▶ [What is required]:
Starting at the first entry below, repeat all the data word for word and drop the pictures.
[Start of section]
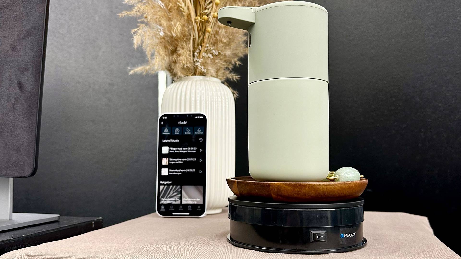 Aufgrund der eingegebenen Daten wie Hautzustand und Alter berechnet die App die korrekte Dosiermenge und leitet die Infos an den Dispenser weiter. Frischknecht hat auch an eine Push-Nachricht gedacht, die über den zu geringen Füllstand des Dispensers informiert.
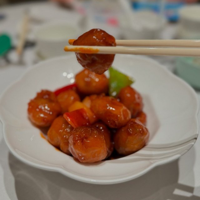 4: 高山蘆筍烤蘑菇🍄🟫蘆筍清爽很嫩,沒有草青味,配以xo醬炒帶出提鮮味道,蘑菇釀入蝦滑,口感豐富。5: 招牌龍蝦🦞泡飯味道一般。只有小蝦肉,只是因為聽說是招牌菜,所以才來一窩,湯汁很濃,香脆炒米再配上米飯確係另一番口感。6: 海膽醬焗蝦球口感和味道都比較有層次,下面用上清甜蜜瓜墊底,但完全沒有海膽味道:(
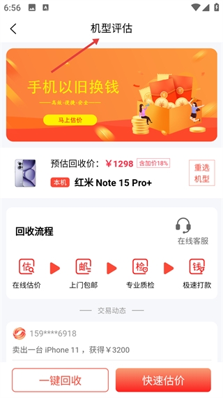 3、机型评估页展示选定机型预估回收价,说明回收流程,配备一键回收等按钮推进回收。
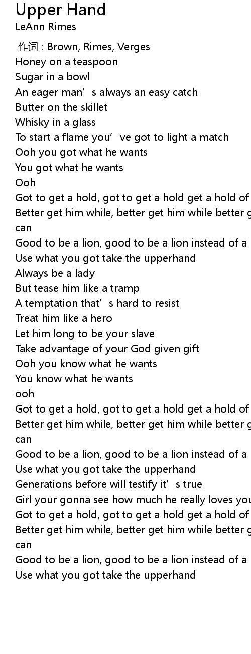 | [02:26.57] | Got to get a hold, got to get a hold get a hold of your man |
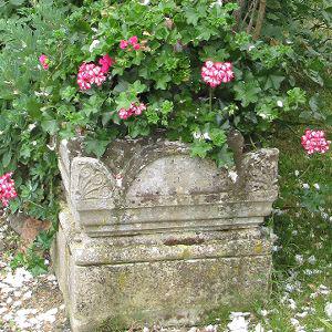Ici tout est en devenir, le « laisser-aller » n’est qu’apparent, les pieds de tomates peuvent se trouver au milieu de calendulas ! Une statue, au pied envahi de lierre, représentant le saint du village appelle le visiteur à la méditation. Çà et là, des jardinières taillées dans la pierre sont plantées de succulentes. Les allées gravillonnées cheminent vers des bancs de bois verdis, lieux de repos et de contemplation.
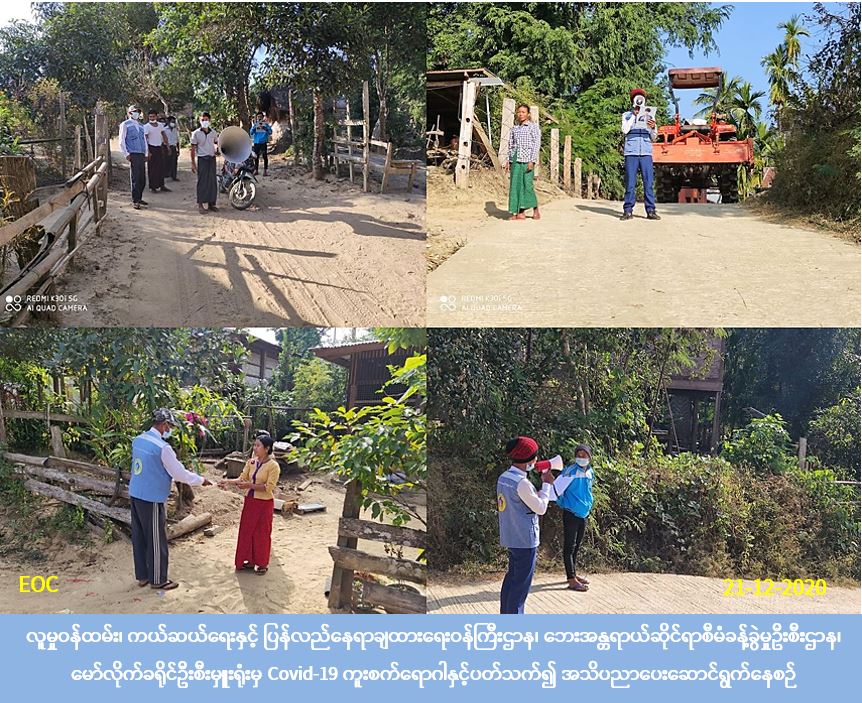 လူမှုဝန်ထမ်း၊ ကယ်ဆယ်ရေးနှင့် ပြန်လည်နေရာချထားရေးဝန်ကြီးဌာန၊ ဘေးအန္တရာယ်ဆိုင်ရာစီမံခန့်ခွဲမှုဦးစီးဌာန၊ မော်လိုက်ခရိုင်ဦးစီးမှူးရုံးမှ တာဝန်ရှိသူများသည် COVID-19 ကူးစက်ရောဂါ မဖြစ်ပေါ်စေရေးအတွက် အသိပညာပေးခြင်းလုပ်ငန်းအား (၂၁-၁၂-၂၀၂၀) ရက်နေ့တွင် ကောင်းကွေကျေးရွာ၊ မှန်နွဲကျေးရွာ၊ ကြုပ်သာကျေးရွာစသည့်ကျေးရွာတို့တွင် ကျေးရွာအုပ်ချုပ်ရေးမှူးတို့နှင့်အတူ အသိပညာပေးလှည့်လည်နှိုးဆော်ခဲ့ပြီး သဘာဝဘေးအသိပညာပေးလက်ကမ်းစာစောင်များ ဖြန့်ဝေခဲ့ပါကြောင်း သတင်းရရှိပါသည်။
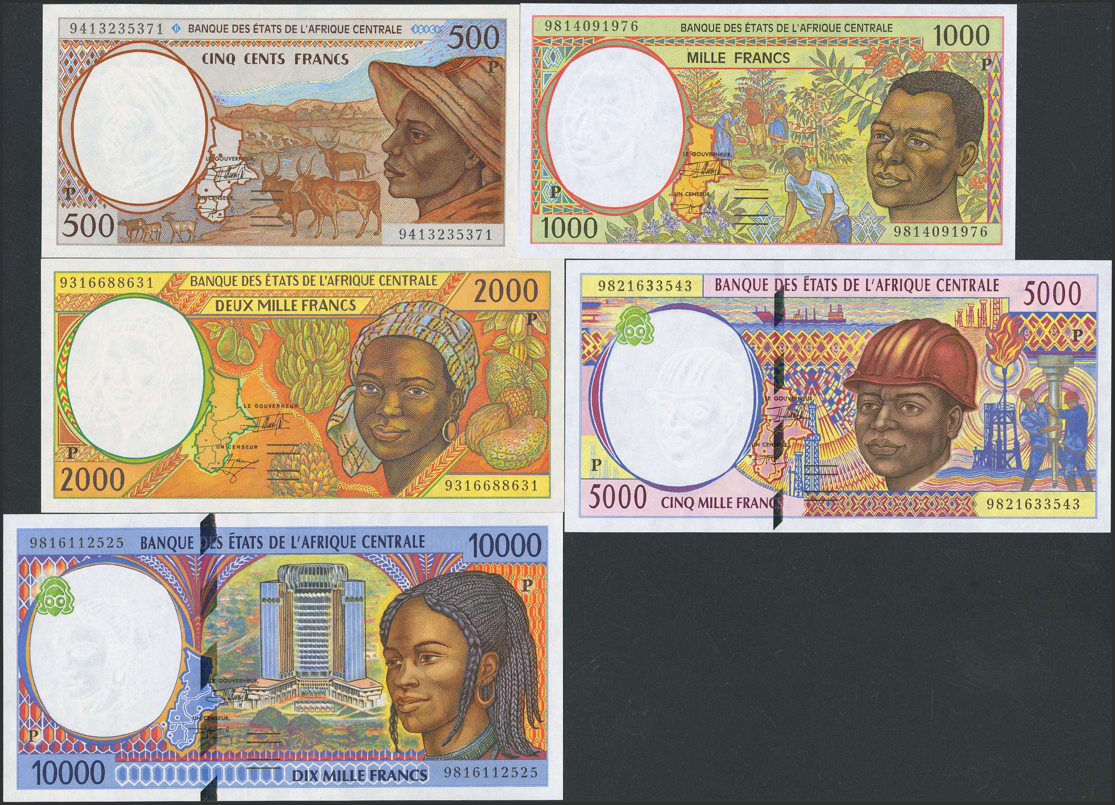 CENTRAL AFRICAN STATES. Complete set of 5 notes from 500 to 10000 Francs. 1993 to 1998. Banque des Etats de l'Afrique Centrale. Chad. (Pick: 601Pb, 602Pe, 603Pa, 604Pd, 605Pd). Uncirculated.
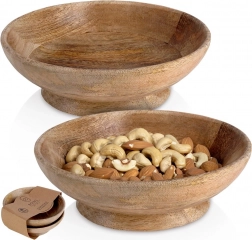 Elegancki zestaw dwóch drewnianych misek z drewna mango łączy naturalny styl i praktyczność. Idealne na sałatki, przekąski oraz ciepłe i zimne dania. Dzięki naturalnemu odcieniowi drewna doskonale pasują do każdego stołu, a odporność na wilgoć i niepochłanianie zapachów ułatwia pielęgnację. Każda miska ma średnicę 16 cm, wysokość 5 cm i pojemność 400 ml.
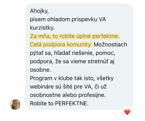 V online svete môžeš zarábať aj s tým, čo už vieš - nepotrebuješ desiatky kurzov. VA je cesta, ktorú môžeš rozbehnúť hneď - s podporou a know-how, ktoré nájdeš v Klube. Dostaneš prístup k webinárom, kontaktom, k praktickým tipom a ku komunite, ktorá ti pomôže napredovať ako VA.
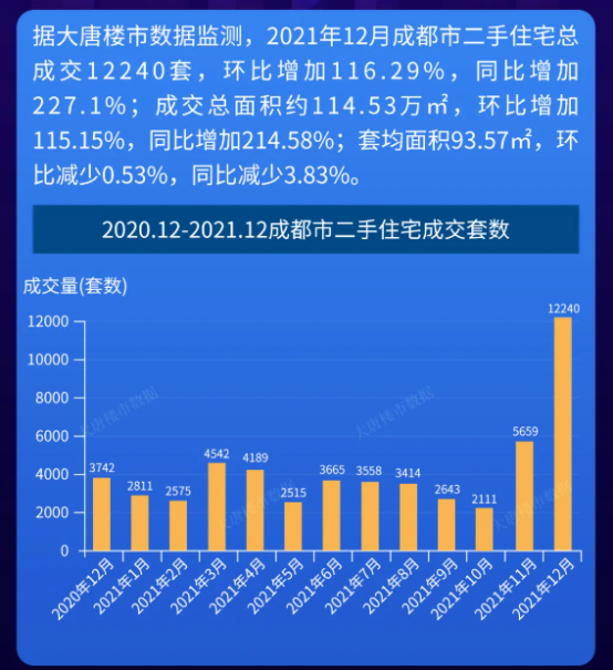 据大唐楼市数据监测,2021年12月成都市二手住宅总成交12240套,环比增加116.29%,同比增加227.1%;成交总面积约114.53万平方米,环比增加115.15%,同比增加214.58%;套均面积93.57平方米,环比减少0.53%,同比减少3.83%。2020年12月以来,成都二手房成交套数普遍在4000套以内,仅2021年11月成交超过5000套(5659套),10月份成交量最低(仅2111套)。
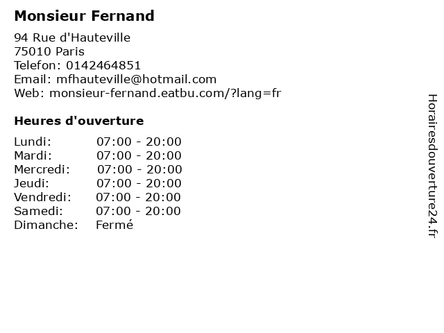 1 Monsieur Robert Bolland (Distance: 0,28 km) 4 Rue Saint Vincent De Paul, 75010 Paris bolland, restaurants, robert 2 Big Fernand (Distance: 0,38 km) 55 Rue du Faubourg Poissonnière, 75009 Paris américain, atelier, big, burger, burgers, fast, fernand, food, hamburger, menus, rapide, restaurant, restauration 3 AP-HP Groupe hospitalier Lariboisière - Fernand-Widal (Paris) (Distance: 0,57 km) 2 Rue Ambroise Paré, 75475 Paris ap, docteur, fernand, groupe, hospitalier, hp, lariboisière, medecins, paris, sante, widal 5 Monsieur Le Zinc (Distance: 0,72 km) 16 Rue de Mazagran, 75010 Paris alcool, bar, bière, café, cocktail, le, monsieur, restauration, zinc 6 Dr. Monsieur C. Cardey -Kinésithérapeute (Distance: 0,72 km) 16 rue de l'Aqueduc, 75010 Paris c., cardey, consultation, docteur, dr., kinésithérapeute, monsieur, santé |
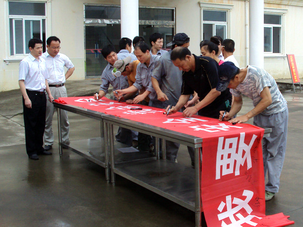 镇江北固海螺:霏霏细雨,阻挡不住员工建设平安北固海螺的热情;寥寥数语,抒不尽打造幸福海螺的美好期望。5月31日,镇江北固海螺举办了安全月活动启动仪式,拉开了安全月活动序幕。在启动仪式上,公司向广大员工发出倡议:重视安全,保障安全,遵守安全制度,告别习惯性违章。公司领导到基层岗位员工一百多人纷纷在横幅上签名,庄严承诺。
[End of section]
▶ [Output for this exercise]:
 Aufgrund der eingegebenen Daten wie Hautzustand und Alter berechnet die App die korrekte Dosiermenge und leitet die Infos an den Dispenser weiter. Frischknecht hat auch an eine Push-Nachricht gedacht, die über den zu geringen Füllstand des Dispensers informiert.
 4: 高山蘆筍烤蘑菇🍄🟫蘆筍清爽很嫩,沒有草青味,配以xo醬炒帶出提鮮味道,蘑菇釀入蝦滑,口感豐富。5: 招牌龍蝦🦞泡飯味道一般。只有小蝦肉,只是因為聽說是招牌菜,所以才來一窩,湯汁很濃,香脆炒米再配上米飯確係另一番口感。6: 海膽醬焗蝦球口感和味道都比較有層次,下面用上清甜蜜瓜墊底,但完全沒有海膽味道:(
 3、机型评估页展示选定机型预估回收价,说明回收流程,配备一键回收等按钮推进回收。
 | [02:26.57] | Got to get a hold, got to get a hold get a hold of your man |
Ici tout est en devenir, le « laisser-aller » n’est qu’apparent, les pieds de tomates peuvent se trouver au milieu de calendulas ! Une statue, au pied envahi de lierre, représentant le saint du village appelle le visiteur à la méditation. Çà et là, des jardinières taillées dans la pierre sont plantées de succulentes. Les allées gravillonnées cheminent vers des bancs de bois verdis, lieux de repos et de contemplation.
 လူမှုဝန်ထမ်း၊ ကယ်ဆယ်ရေးနှင့် ပြန်လည်နေရာချထားရေးဝန်ကြီးဌာန၊ ဘေးအန္တရာယ်ဆိုင်ရာစီမံခန့်ခွဲမှုဦးစီးဌာန၊ မော်လိုက်ခရိုင်ဦးစီးမှူးရုံးမှ တာဝန်ရှိသူများသည် COVID-19 ကူးစက်ရောဂါ မဖြစ်ပေါ်စေရေးအတွက် အသိပညာပေးခြင်းလုပ်ငန်းအား (၂၁-၁၂-၂၀၂၀) ရက်နေ့တွင် ကောင်းကွေကျေးရွာ၊ မှန်နွဲကျေးရွာ၊ ကြုပ်သာကျေးရွာစသည့်ကျေးရွာတို့တွင် ကျေးရွာအုပ်ချုပ်ရေးမှူးတို့နှင့်အတူ အသိပညာပေးလှည့်လည်နှိုးဆော်ခဲ့ပြီး သဘာဝဘေးအသိပညာပေးလက်ကမ်းစာစောင်များ ဖြန့်ဝေခဲ့ပါကြောင်း သတင်းရရှိပါသည်။
 CENTRAL AFRICAN STATES. Complete set of 5 notes from 500 to 10000 Francs. 1993 to 1998. Banque des Etats de l'Afrique Centrale. Chad. (Pick: 601Pb, 602Pe, 603Pa, 604Pd, 605Pd). Uncirculated.
 Elegancki zestaw dwóch drewnianych misek z drewna mango łączy naturalny styl i praktyczność. Idealne na sałatki, przekąski oraz ciepłe i zimne dania. Dzięki naturalnemu odcieniowi drewna doskonale pasują do każdego stołu, a odporność na wilgoć i niepochłanianie zapachów ułatwia pielęgnację. Każda miska ma średnicę 16 cm, wysokość 5 cm i pojemność 400 ml.
 V online svete môžeš zarábať aj s tým, čo už vieš - nepotrebuješ desiatky kurzov. VA je cesta, ktorú môžeš rozbehnúť hneď - s podporou a know-how, ktoré nájdeš v Klube. Dostaneš prístup k webinárom, kontaktom, k praktickým tipom a ku komunite, ktorá ti pomôže napredovať ako VA.
 据大唐楼市数据监测,2021年12月成都市二手住宅总成交12240套,环比增加116.29%,同比增加227.1%;成交总面积约114.53万平方米,环比增加115.15%,同比增加214.58%;套均面积93.57平方米,环比减少0.53%,同比减少3.83%。2020年12月以来,成都二手房成交套数普遍在4000套以内,仅2021年11月成交超过5000套(5659套),10月份成交量最低(仅2111套)。
 1 Monsieur Robert Bolland (Distance: 0,28 km) 4 Rue Saint Vincent De Paul, 75010 Paris bolland, restaurants, robert 2 Big Fernand (Distance: 0,38 km) 55 Rue du Faubourg Poissonnière, 75009 Paris américain, atelier, big, burger, burgers, fast, fernand, food, hamburger, menus, rapide, restaurant, restauration 3 AP-HP Groupe hospitalier Lariboisière - Fernand-Widal (Paris) (Distance: 0,57 km) 2 Rue Ambroise Paré, 75475 Paris ap, docteur, fernand, groupe, hospitalier, hp, lariboisière, medecins, paris, sante, widal 5 Monsieur Le Zinc (Distance: 0,72 km) 16 Rue de Mazagran, 75010 Paris alcool, bar, bière, café, cocktail, le, monsieur, restauration, zinc 6 Dr. Monsieur C. Cardey -Kinésithérapeute (Distance: 0,72 km) 16 rue de l'Aqueduc, 75010 Paris c., cardey, consultation, docteur, dr., kinésithérapeute, monsieur, santé |
 镇江北固海螺:霏霏细雨,阻挡不住员工建设平安北固海螺的热情;寥寥数语,抒不尽打造幸福海螺的美好期望。5月31日,镇江北固海螺举办了安全月活动启动仪式,拉开了安全月活动序幕。在启动仪式上,公司向广大员工发出倡议:重视安全,保障安全,遵守安全制度,告别习惯性违章。公司领导到基层岗位员工一百多人纷纷在横幅上签名,庄严承诺。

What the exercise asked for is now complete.